Bereits heute zeigt sich die Situation am DDR4-Spotmarkt deutlich. Seit dem zweiten Quartal 2025 haben sich Spot- und OEM-Vertragspreise stark auseinanderentwickelt. Zwar erwartet Florous ab der zweiten Hälfte 2026 eine gewisse Entspannung, eine Rückkehr zu früheren Preisniveaus schließt er jedoch aus.
„Wir sollten nicht erwarten, dass die Preise jemals wieder auf das Niveau von vor zwei oder drei Jahren zurückkehren.“
Der Markt spaltet sich auf
Besonders bedeutend sei die strukturelle Aufteilung des Speichermarkts.
DRAM unterhalb von 8 GB habe sich laut Florous zu sogenanntem „Specialty DRAM“ entwickelt – einem Segment mit langfristiger Nachfrage, begrenztem Angebot und kaum neuen Investitionen.
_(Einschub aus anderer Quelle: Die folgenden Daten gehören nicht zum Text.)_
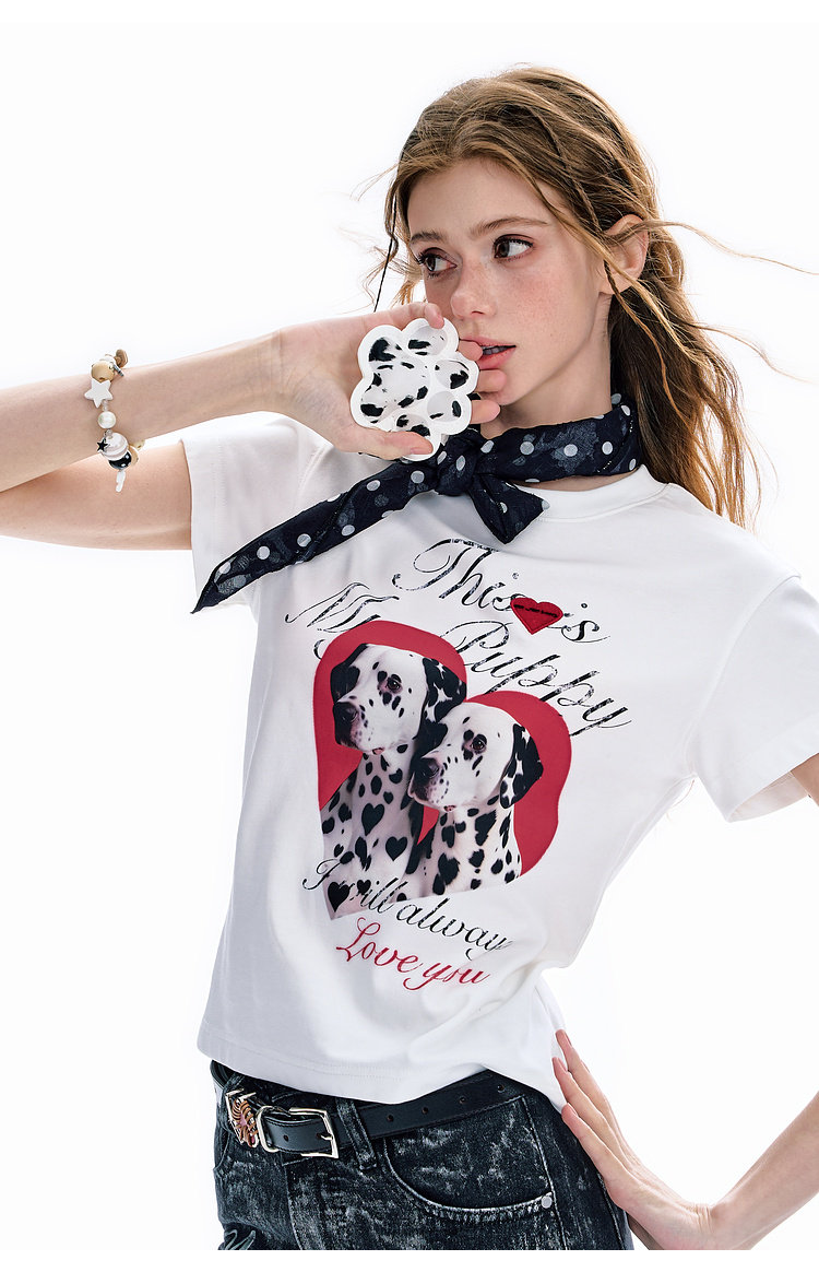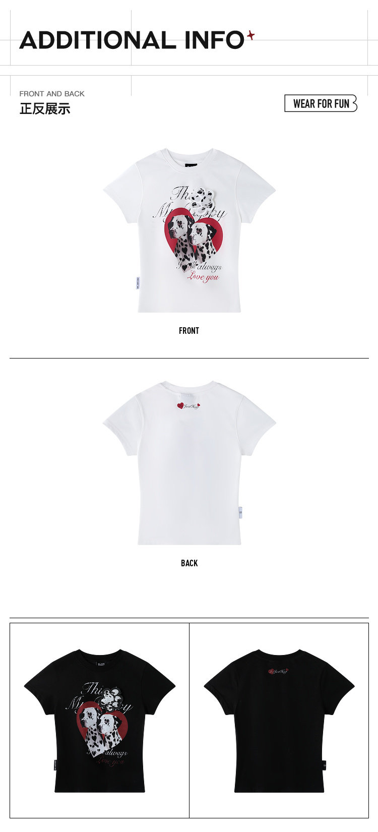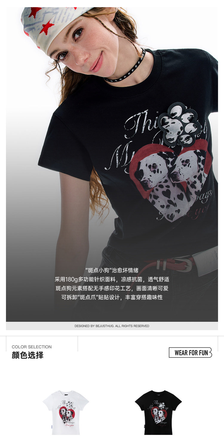 BJHG不计后果 不宠系列短袖t恤女夏季凉感速干斑点狗印花修身上衣
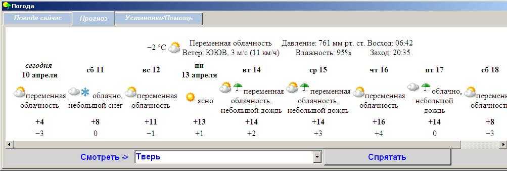 Закладка «Прогноз» позволяет смотреть прогноз погоды на 10 дней. Просмотр

Speicher oberhalb von 16 Gigabit hingegen werde zunehmend von KI- und Rechenzentrumsanwendungen dominiert.
„Die Ära des billigen Speichers ist vorbei“, sagte Florous. „Sie wird nicht zurückkommen.“
Für Einkaufs- und Entwicklungsteams bedeute das einen grundlegenden Strategiewechsel. Langfristige Liefervereinbarungen, Last-Time-Buys und frühzeitige Redesign-Strategien würden zunehmend notwendig.
„Speicher muss zu einem strategischen Thema werden“, so Florous. „Engineering, Einkauf und Vertrieb müssen langfristige Anforderungen bereits zu Beginn der Produktentwicklung berücksichtigen.“
Unternehmen, die diesen Wandel frühzeitig verstehen, könnten sich langfristig Wettbewerbsvorteile sichern. Die aktuellen Engpässe seien weniger eine kurzfristige Krise als vielmehr ein Beschleuniger eines ohnehin unvermeidbaren Strukturwandels.
Nikolaos Florous wird am 18. Juni auf der Evertiq Expo Berlin erneut auftreten und dort den Vortrag „The Global Memory Market Reset“ präsentieren.